▶ Records for this task:
┌──

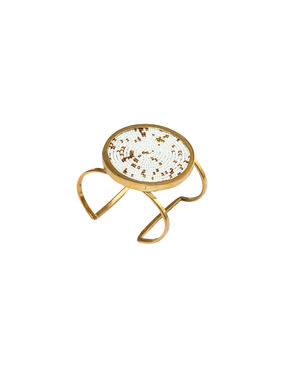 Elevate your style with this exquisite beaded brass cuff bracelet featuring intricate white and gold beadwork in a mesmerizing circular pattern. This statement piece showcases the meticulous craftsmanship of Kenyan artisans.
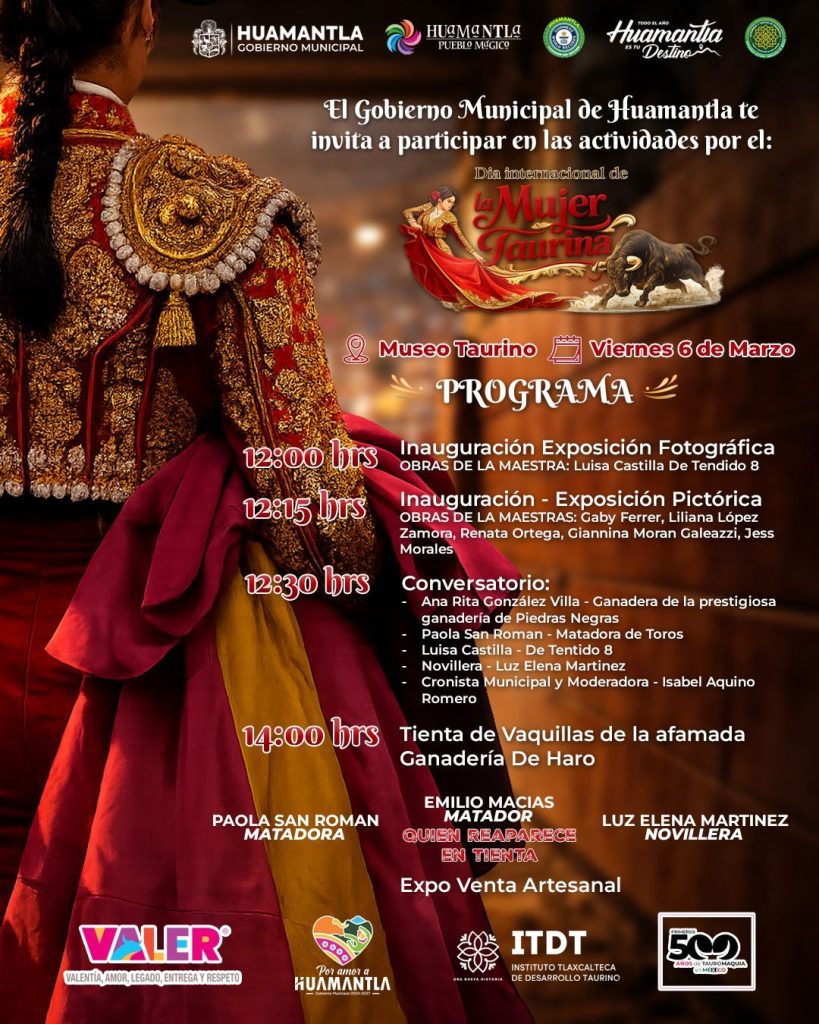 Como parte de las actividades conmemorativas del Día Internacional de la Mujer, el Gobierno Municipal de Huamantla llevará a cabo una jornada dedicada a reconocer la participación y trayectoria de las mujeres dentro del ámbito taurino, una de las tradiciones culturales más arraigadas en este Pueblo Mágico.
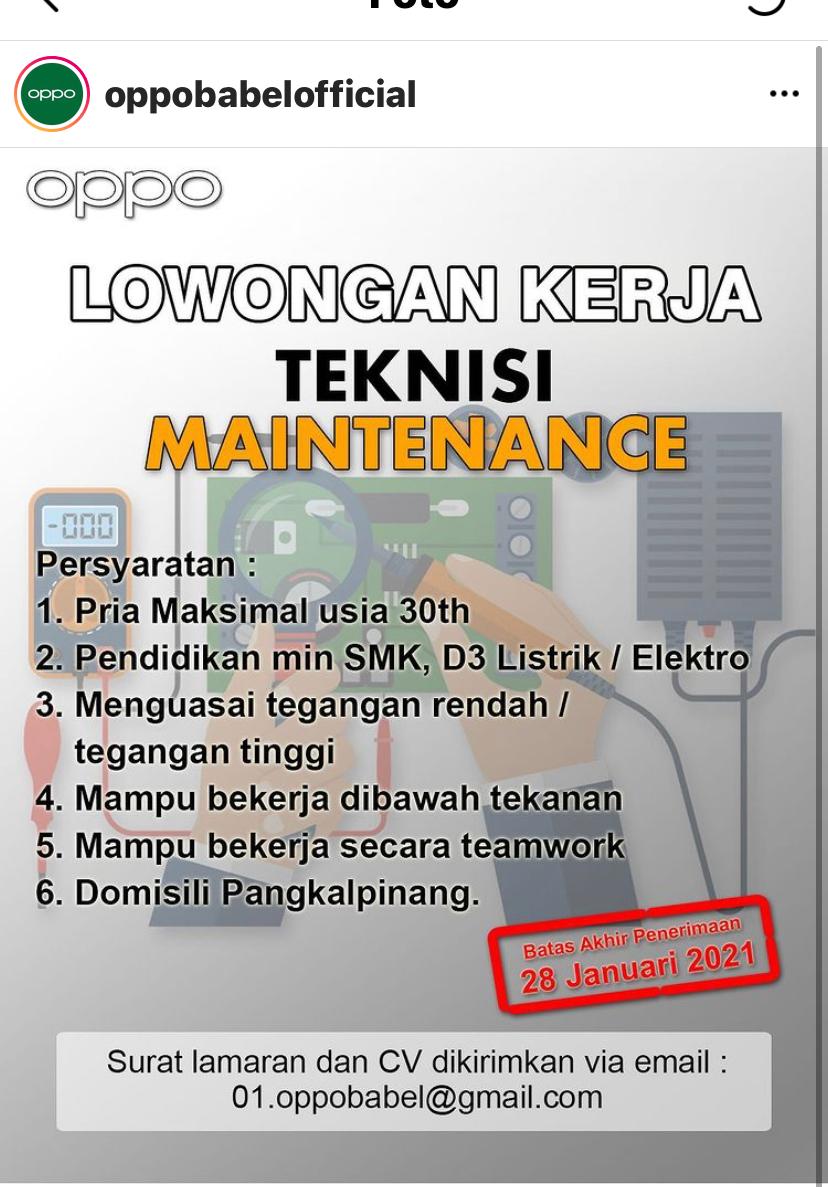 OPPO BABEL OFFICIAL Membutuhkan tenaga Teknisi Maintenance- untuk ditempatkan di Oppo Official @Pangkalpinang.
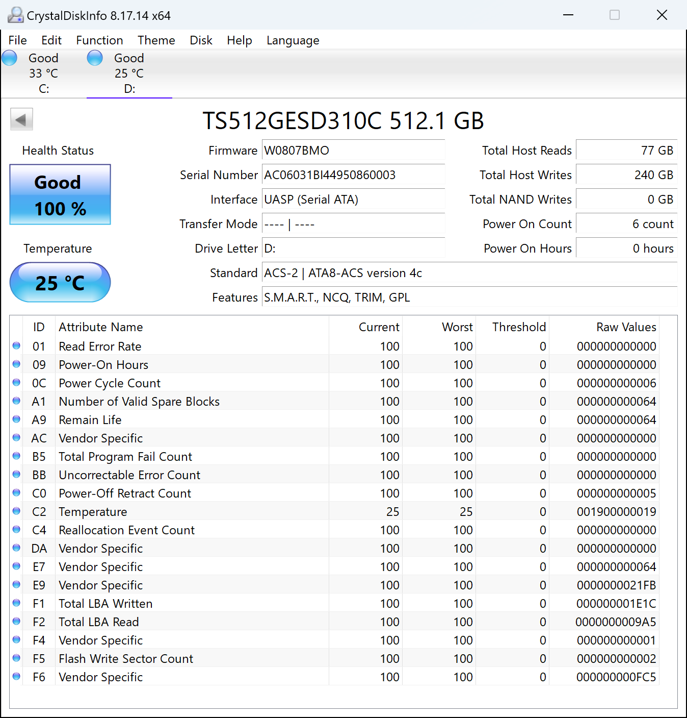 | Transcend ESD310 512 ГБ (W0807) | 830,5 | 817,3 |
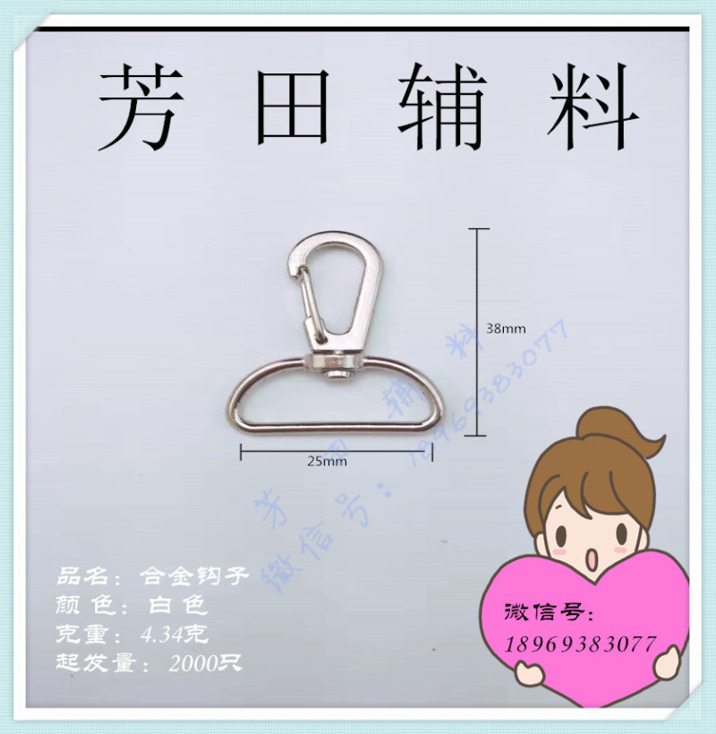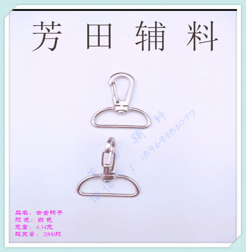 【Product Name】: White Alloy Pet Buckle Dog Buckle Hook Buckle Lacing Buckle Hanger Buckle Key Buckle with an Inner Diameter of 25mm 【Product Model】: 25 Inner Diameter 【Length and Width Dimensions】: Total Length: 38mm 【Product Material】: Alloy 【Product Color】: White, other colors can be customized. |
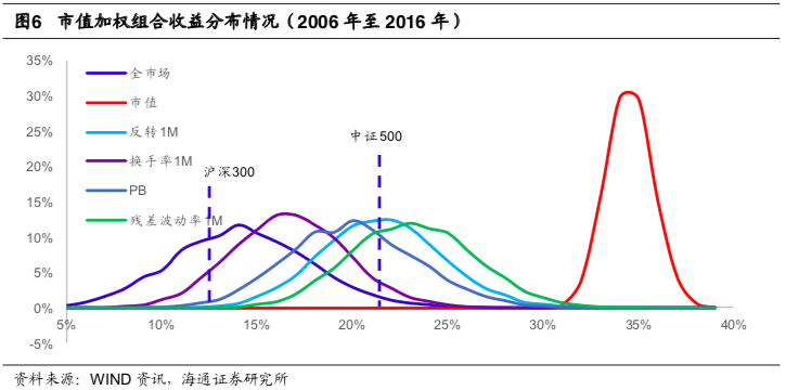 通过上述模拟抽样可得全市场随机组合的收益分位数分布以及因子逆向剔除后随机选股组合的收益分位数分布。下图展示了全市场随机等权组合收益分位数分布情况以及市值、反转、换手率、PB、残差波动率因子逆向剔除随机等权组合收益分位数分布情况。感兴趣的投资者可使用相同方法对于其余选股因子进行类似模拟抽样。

└──
┌──

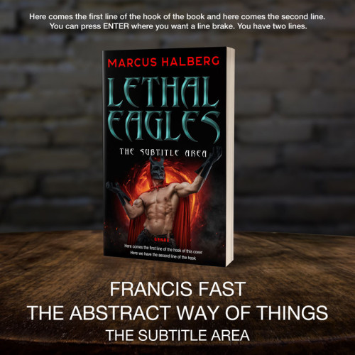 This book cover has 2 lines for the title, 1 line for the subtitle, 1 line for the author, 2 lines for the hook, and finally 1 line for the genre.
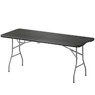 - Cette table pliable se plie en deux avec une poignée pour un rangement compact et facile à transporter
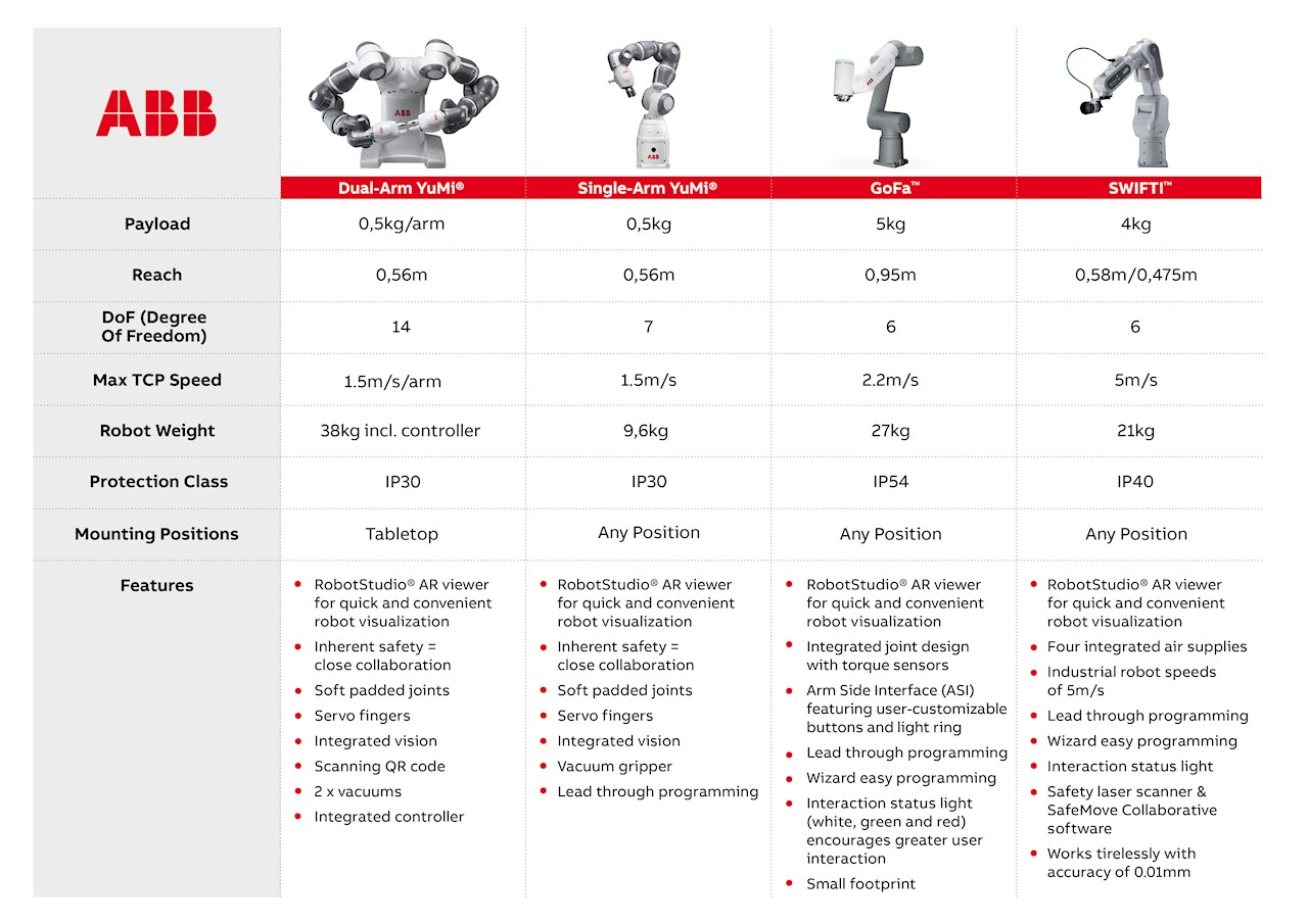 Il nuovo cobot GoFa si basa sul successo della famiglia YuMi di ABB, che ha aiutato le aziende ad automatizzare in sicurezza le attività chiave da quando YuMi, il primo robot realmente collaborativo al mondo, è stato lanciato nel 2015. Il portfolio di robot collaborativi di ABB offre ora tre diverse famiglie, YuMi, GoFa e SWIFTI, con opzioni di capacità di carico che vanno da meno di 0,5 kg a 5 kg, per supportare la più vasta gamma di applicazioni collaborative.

└──

▶ Your task:
Within the listing above, print exactly the stretch beginning at the line that contains "This book cover" and finishing at the line that contains "- Cette table", ends kept, pictures left out, and nothing more.

▶ Task solution:
 This book cover has 2 lines for the title, 1 line for the subtitle, 1 line for the author, 2 lines for the hook, and finally 1 line for the genre.
 - Cette table pliable se plie en deux avec une poignée pour un rangement compact et facile à transporter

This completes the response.